A recuperação da produção resultante da pandemia e sua separação da Boeing em abril de 2020 coincidiram com um aumento de quase dez vezes no preço das ações da Embraer, de US$ 3,96 quando atingiu o fundo do poço no pregão do meio-dia de 29 de outubro de 2020, para fechar em US$ 39,18 em 13 de novembro de 2024. Isso elevou o valor de mercado da empresa para US$ 7,27 bilhões, ainda menos do que os US$ 10 bilhões que ela disse aos analistas de Wall Street serem necessários para um novo programa.

Neto disse que está sendo atualizado uma vez por mês sobre o progresso de sua equipe na avaliação de ambas as opções, e observando de perto o progresso dos fabricantes de motores sobre quais avanços de propulsão podem estar disponíveis para qualquer produto de folha limpa. “Estamos acompanhando de perto o desenvolvimento dos motores, as novas tecnologias e tentando combiná-los com nosso design”, disse Neto.

Neto, em sua última entrevista com a TAC em outubro de 2023, disse que a Embraer precisava de um a dois anos para escolher um novo projeto: “talvez em 2025 decidiremos qual caminho seguir para o futuro”, disse ele na época. Um ano depois, Neto disse que isso não mudou. “Este é mais ou menos o período de tempo que precisamos. Não sabemos, talvez exatamente um a dois anos. É o tempo que precisamos para avançar nesses estudos de análise e decidir, discutir com nosso conselho qual caminho queremos seguir.”

“Acreditamos que temos a oportunidade de subir”, disse Neto sobre o interesse da Embraer em um jato executivo de folha limpa, maior que seu Praetor 600. “Mas não queremos entrar naquele oceano vermelho” — uma referência a um mercado lotado de incumbentes. “Precisamos oferecer algo, uma proposta diferente para o cliente.”

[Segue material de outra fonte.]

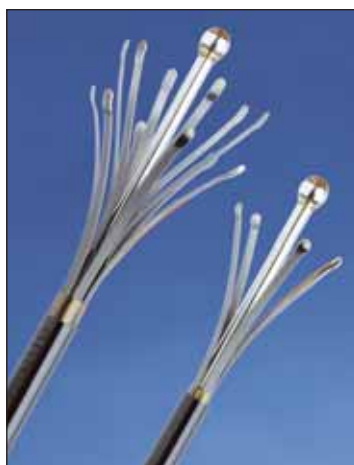
Figure 1. First-generation ClosureFast 1-cm treatment length.

Eliminating an incompetent great saphenous vein (GSV) reduces venous hypertension, relieves patient symptoms, and prevents or slows the disease progression. However, GSV ablation alone is usually not sufficient for elimination of all existing varicose veins. 2 Complete care of the patient with varicose veins requires adjunctive therapy; the two most common procedures are phlebectomy and ultrasound-guided sclerotherapy (UGS). Phlebectomy allows simple removal of bulging varicose veins on the skin surface

O mesmo é verdade para seu conceito de aeronave comercial, que a TAC entende ser um avião de 200 assentos. Neto enfatizou os avanços da fuselagem, novas asas e competitividade do cockpit como parte de sua estratégia de diferenciação, sem elaborar. Em setembro, o vice-presidente sênior de Engenharia e Desenvolvimento Tecnológico da Embraer, Luis Carlos Affonso, disse que antecipou que o novo sistema de decolagem automática (E2TS) da empresa, que chegará em 2025, pode eventualmente ser incorporado em todos os seus aviões fly-by-wire, e observou que "esse sistema é mais aplicável a aviões longos". O que Affonso não disse é que um narrowbody maior da Embraer que, teoricamente, acomoda 200 passageiros, seria necessariamente um avião longo se configurado com seis assentos econômicos lado a lado.

As companhias aéreas estão pressionando a Embraer a tomar uma decisão. “O mercado está nos pedindo o tempo todo” para nossos próximos passos, disse Neto, mas “estamos nos dando esse tempo para garantir que faremos o movimento certo como um próximo produto.”

Assim como ocorreu quando a Embraer avaliou o desenvolvimento de um turboélice regional com capacidade para 70 a 90 assentos, Neto disse que a riqueza soberana continua fazendo parte do pensamento da Embraer para um novo projeto.

“Acho que isso ajudaria, com certeza… Essa seria uma fonte importante de fundos para nós. E quero dizer, estamos abertos a todos os tipos de parcerias. [Contanto que] seja simples, não queremos ir para modelos de negócios muito complexos” com outro país, ele disse. “Temos essas variáveis ​​diferentes, mas para mim, a mais importante é o produto, o produto certo para aquele nicho ou segmento. Depois disso, vamos ver como vamos financiar isso.”